Another thing that resonates, and, I hate to say it, [is the fact that] we lost. It was the first time America lost, and I think we’re still trying to swallow that. The images of Marines hauling people off the roof [of the American Embassy] by helicopter still resonate with people, and then we repeated it in Afghanistan.
It was also the first time that we lost our naiveté as a nation. I was a junior at Yale when the Gulf of Tonkin Incident happened. I was from this little logging town in Oregon, and I was a little bit naive. We’re talking about it, and a couple of my friends said, “well the President’s just lying.” And I remember just sputtering… “that’s impossible that the President would ever lie to the American people,” and they broke out laughing. That was the first time that it hit me, and I think it was the first time it hit America that these people can lie. That was a big change. It changed our culture and made us distrust institutions. That still resonates.
And another thing: there’s no closure to it. [In] World War II, we won, and, then we did the Marshall Plan, and we got everybody back on their feet. [With] Vietnam, we just left and it’s still hanging there. I’m involved with a group called Peace Trees Vietnam, and we’re cleaning up unexploded ordnance in Quang Tri Province. There’s a [lot] of it, and I was personally responsible for a lot of it. We found one field, and it was about an acre. There were 103 pieces of unexploded ordnance in it, and this farmer was trying to farm there. I mean, it was a war, and I hit them with everything I had. But I still feel like America hasn’t quite come to terms with it like it did with the Europeans, and the Japanese [after World War II].”
IWI: Your book Matterhorn has appeared on numerous reading lists, including the Commandant of the Marine Corps Professional Reading List, and the Chief of Naval Operations Professional Reading Program. Why do you think the book resonates with military leaders?
Marlantes:
“I’m chuckling because every one of those guys has been a junior officer.
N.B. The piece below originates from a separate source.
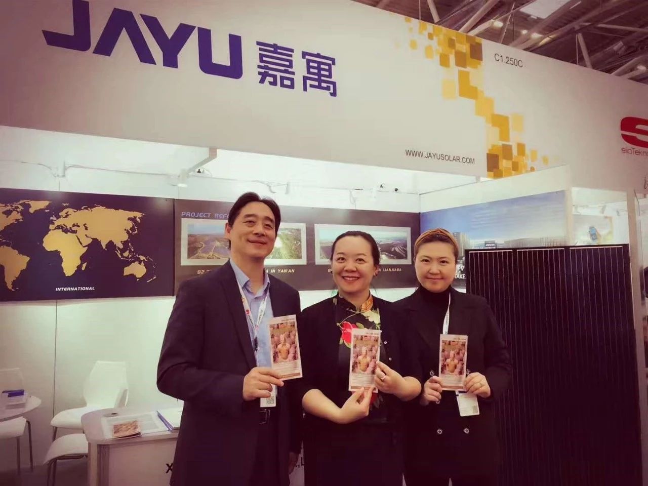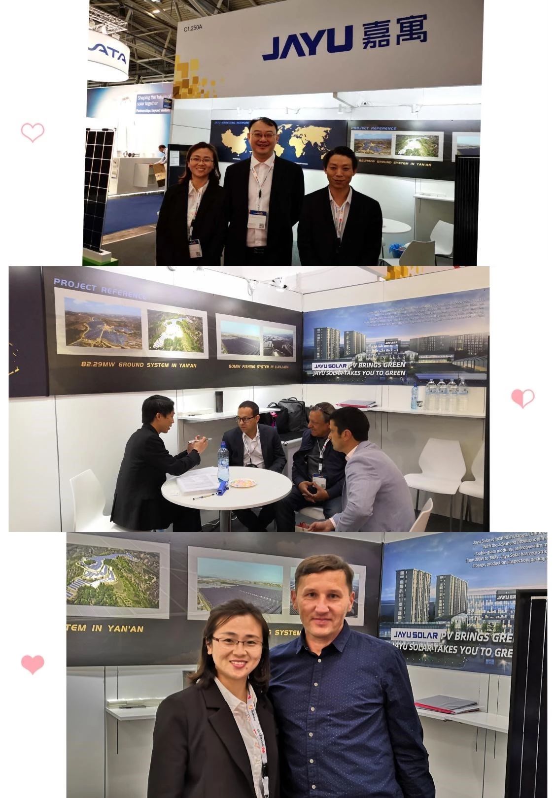 嘉寓光能本次參展由總經(jīng)理陳志榮先生親自帶隊(duì),攜嘉寓光能業(yè)務(wù)副總?cè)椒濉I(yè)務(wù)總監(jiān)車競(jìng)以及海外業(yè)務(wù)部門多位高管,組成了參加展會(huì)的核心團(tuán)隊(duì),奔赴德國(guó)慕尼黑。本次嘉寓光能在2019年德國(guó)慕尼黑國(guó)際太陽(yáng)能展展示了半片系列光伏組件、雙玻系列光伏組件以及全黑光伏組件系列。三款系列產(chǎn)品采用了嘉寓光能最新的高效技術(shù),功率均突破了400W,光伏組件的4.0時(shí)代,嘉寓光能已經(jīng)有了一席之地。尤其是半片系列光伏組件,最高功率可達(dá)450W,成為國(guó)內(nèi)外友人討論的焦點(diǎn)之一,是嘉寓光能在本屆展會(huì)中當(dāng)之無(wú)愧的“明星產(chǎn)品”。在為期三天的展會(huì)中,嘉寓光能和三款系列產(chǎn)品組件吸引了眾多業(yè)內(nèi)人士的關(guān)注,并接受了來(lái)自多個(gè)國(guó)家項(xiàng)目方的咨詢,活動(dòng)現(xiàn)場(chǎng)與我方達(dá)成了初步的合作意向的客戶鱗次櫛比。

And I think [the book helps them] relate back to when they were new and trying to get their feet on the ground as junior officers, particularly Marine and Army infantry. The other thing is that the military is still dealing with [some of the same problems] like careerism.
I also get emails and letters from people in the Dutch army and the British army, and they always say that nothing changes. The military is run by people, and people don’t change. Or if they do, it’s really slow. I mean, you can read the Odyssey or the Iliad, and they still resonate [because they were dealing with the same things].”
IWI: Are there other books either about Vietnam about military culture or the military experience in general that you would recommend to military leaders, academics, or policymakers?
Marlantes:
“The first one that comes to mind is Tim O’Brien’s The Things They Carried, but I actually think his Going after Cacciato is the better book. I know Tim and he’s a great writer.
I remember once bitching to him and I said: “Tim, every eighth grader in America buys The Things They Carried. No one buys my book.” He looked at me and said, “Karl, there’s not an English teacher in the world that would assign a book that thick.”
James Jones wrote a trilogy with From Here to Eternity, The Thin Red Line, and Whistle.
I think that I was [also] influenced a lot by the First World War poets: Siegfried Sassoon, Wilfred Owen, Robert Graves, [and] Isaac Rosenberg. They’re important because they were the first writers that broke through this “war is glory” sort of stuff, and, “Dulce et decorum est pro patria more.” [Latin for ‘It is sweet and fitting to die for one’s country.’]
No. It’s not. It just isn’t.
Another writer that people don’t think about is J.D. Salinger. He wrote a couple of short stories that are really, really good war stories. One is about a veteran that comes back, A Perfect Day for Banana Fish.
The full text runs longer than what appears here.